Several of my coaching clients are in the midst of changing their careers and lifestyles as a result of layoffs, cutbacks and other negative economic impacts. The question that keeps coming up is “Should I go back to school?”
The answer is a complicated one no matter where you are in your career. It gets even more complicated when you factor in the economy, lifestyles, families, emotions, egos, history and work experience.
My clients, and others like them, are really wrestling with this question. Going back to school seems like a great idea, especially if you feel that you’ve maxed out the opportunities you can land using your current skill set and education. But, the decision comes at a high price–the cost of tuition (and the inevitable debt, especially now that there are fewer lenders and higher interest rates), the loss of wages, missed opportunities and the very real possibility that the market will not be that much better two or three years from now, leaving back-to-schoolers with little ROI–saddled with student loan debt, only a few additional job opportunities and no real gains in salary.What to do? I decided to do a little research on the subject.

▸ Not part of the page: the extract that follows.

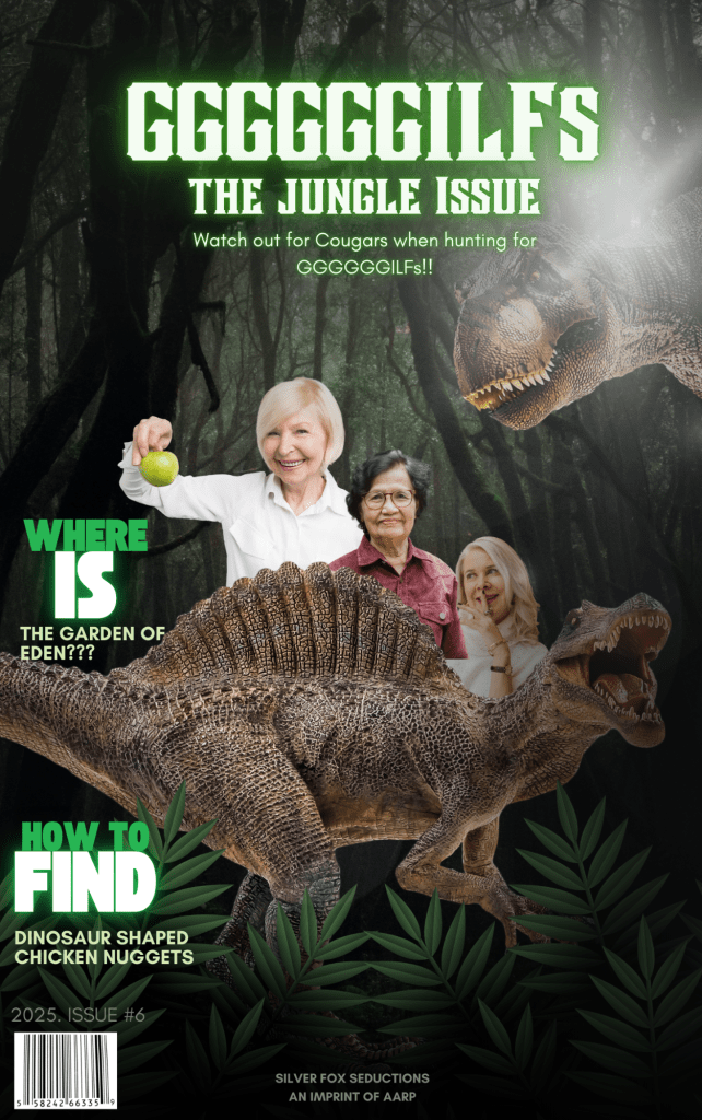 Out of compassion for our seniors, and the need to bolster our Q4, we are introducing a set of themed magazines hoping to spark some good-hearted wanking amongst our wizened dodecagenarians, and maybe a few orgies. Using our new “after hours” branding called, Silver Fox Seductions, AARP will be launching the following magazines to service the erotic needs of today’s senior citizens, and from all the generations prior.

A Canadian study found that male students graduating during an economic downturn earn approximately 10% less than boom-time grads for the first 8 years of their careers.
Another study by Lisa Kahn examined the impact of the 1982 recession on U.S. undergraduates revealed that every percentage-point increase in the unemployment rate at graduation translates into 7%-to-8% initial wage loss. Kahn found that the gap between what the grads might have earned and what they earned due to the recession took at least 13 YEARS to close. She also found that recessionary grads had difficulty switching to better jobs post-recession.
Paul Oyer, an associate professor at Stanford University, reviewed the job histories of Stanford University MBAs who graduated from 1960 to 1995 and found that those attending during a bull market were more likely to pursue careers in investment banking, while those graduating during a recession were more likely to pursue careers in other industries. The result was that recession-time grads earned $1.5 million to $5 million less than their bull-market counterparts.
So, what does it all mean? Should you go back to school or not?
Each of the studies found that graduating during a recession is bad for your career (or career change), but only initially (if you consider 8-10 years “initially”). So, that might lead you to believe that it is a bad time to go back for that Masters degree or MBA, or even to finish your BA.
Wrong! The studies also found that you can mitigate and, eventually, overcome the negative impact of an economic downturn. Here’s how.
- Don’t graduate during a downturn - Who knows how long this’ll last, but 2-3 years from now we may be in recovery
- Change jobs! - Each of the studies found that you could close the wage gap by changing jobs and industries. So, even if you settle on a lower-paying job in a lower-paying industry initially, jump ship as soon as you see daylight.
- Don’t quit your day job - If you can, stay employed while you get your new degree or certificate. It’ll decrease your debt, maintain your income, keep you in the job market and, with any luck, improve your post-recession job prospects.